• Aim of the exercise:
Work out how many lines below contain the word "породичног", then give that number alone.

• The data:
::::::::::
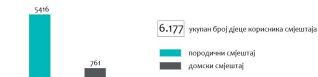
Графикон бр.3: Број дјеце који користи услуге домског или породичног смјештаја [6]

Услуге домског или породичног смјештаја у систему социјалне заштите користило је укупно 6.177 дјеце, што се види на графикону бр.3.
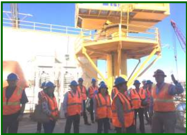
Visita a las instalaciones de Baja Aquafarms
::::::::::
• Solved exercise:
2